0

I have made a loop where I iterate over (csv) files in a folder, read them into a dictionary of dataframes and name them after the csv file (e.g. file1.csv becomes file1_df). I do some work on the data and generate new rows, then I try to subset part of my dataframes into a new dataframe (file1_df2). I would like to later reference these dataframes outside of the dictionary.

    df_dict = {}
    for file in os.listdir(datadir):  # Loop over the files in that folder (only has CSV files)
        df_name = file[:-4] + '_df'  # Trim off .csv to name the dataframe
        df_dict[df_name] = pd.read_csv(os.path.join(datadir, file))

Is it possible to reference these dataframes by name? So later I can just call file1_df2 instead of df_dict["file1_df2"]?

In essence I am asking the same question as here. It doesn't look like he got this answered either, so I think this might not be possible, but I have yet to find an answer that explicitly says it isn't.


I know this is possible in languages like SAS and Stata, but I have never figured out how to do it in Python. In those languages, you can plug your placeholder variable directly into the name of something.

/* In SAS */
%let param = test1
libname path "C:\User\&param."

proc sql;
create &param._df as 
select * from path.&param.
quit;
/* In Stata */
foreach i in file1 file2 {
    import delimited "`i'.csv", clear
    save "`i'.dta", replace
}

etc. If this is not possible, I would like to know that with certainty. Thank you!

Zoupah
  • 225
  • 2
  • 9
  • 1
    it is possible but not a good idea , check https://stackoverflow.com/a/6181959/11220780 – Benoit de Menthière Oct 04 '19 at 21:00
  • 1
    Possible - yes see e.g. ```exec``` function: https://docs.python.org/3.5/library/functions.html#exec Recommended - rather not - because how will you know programatically, which names exist, and which don't. – Grzegorz Skibinski Oct 04 '19 at 21:00
  • Knowing it is possible and not recommended (and why it is not recommended) is also great information. Thank you for the resources. – Zoupah Oct 04 '19 at 21:19

1 Answers1

2

The lack of answers is likely because nobody can really tell WHY you want to do this. The question seems to stem from applying an SAS / Stata workflow to python that just doesn't make any sense.

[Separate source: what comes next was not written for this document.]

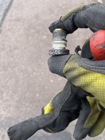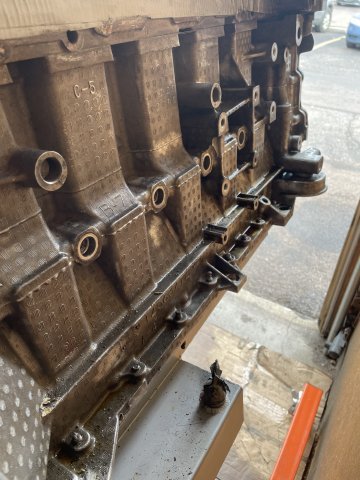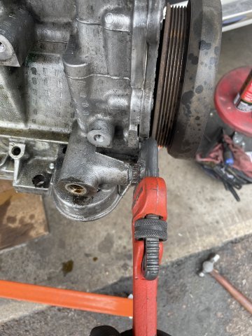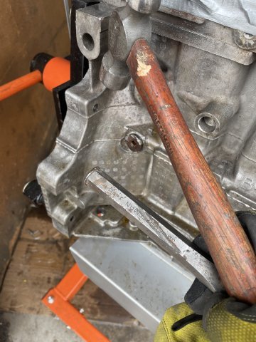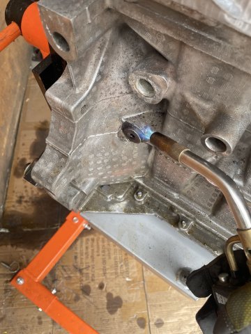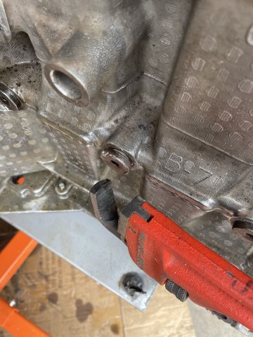 Today was a cold snap, but I managed to get a job done I have not been enthusiastic about doing..... removing the oil screw in plugs from the block. Metal plugs in an aluminum block and have been in there for 19 years. I had to use a pipe wrench, hammer, hex wrench, PB Blaster, a MAPP gas torch, and a cold chisel. I found that the cold chisel is the most effective at getting them loose and off, but it will take several cycles of PB blaster , spraying it where the bolt face touches the block and letting it seep in, and then MAPP gas (2000 degree F or close to it, maybe more) held around the bolt to heat up the aluminum and get it to expand, then hitting the head of the bolt a few times hard with the hammer, and then putting the chisel on an angle and beating on it with a hammer to shock it loose and turn it. These bolts are M16X1.5 thread, with the exception of the bolt facing the side at the oil filter. The bolt facing straight ahead is the same size, M16X1.5 but the one to the side where the sensor normally is..... is a coarse thread bolt, M16X2.0 thread. I have ordered brass plugs from Auto Meter to install into each port that are drilled and tapped with a 1/8 NPT center. I will put brass plugs in #1-3, #4 is for the oiling system re-route from the front facing port at the oil filter, number #5, the last port on the block at the very end is for Turbo oiling feed. The side port at the oil filter, the bolt will be drilled out in the center and tapped to 1/8 NPT so I can use it for an oil psi gauge. Sure feels good to have this done. In the pics you can see how the factory really gooped up the threads when they installed them. Pics follow. Cheers!

However, i think this does what you're asking

import pandas as pd
my_csvs = ["name1.csv", "name2.csv", "name3.csv"]
my_dfs = [pd.read_csv(csv) for csv in my_csvs]
df_dict = {name.replace(".csv", "_df"): df for name, df in zip(my_csvs, my_dfs)}

# access dataframes with (advisable to use this method!)
csv2 = df_dict["name2_df"]

Then, we can add these keys to our name space with an exec() call:

# now add them to the namespace
for k in df_dict.keys():
    exec(f"{k} = df_dict['{k}']")
    # or use "{k} = df_dict['{k}']".format(k=k) for python < 3.5?

# Now does this work?
print(name2_df)

And this actually does work. However, any IDE is going to flag the last line, because it doesn't seem like you've declared that variable.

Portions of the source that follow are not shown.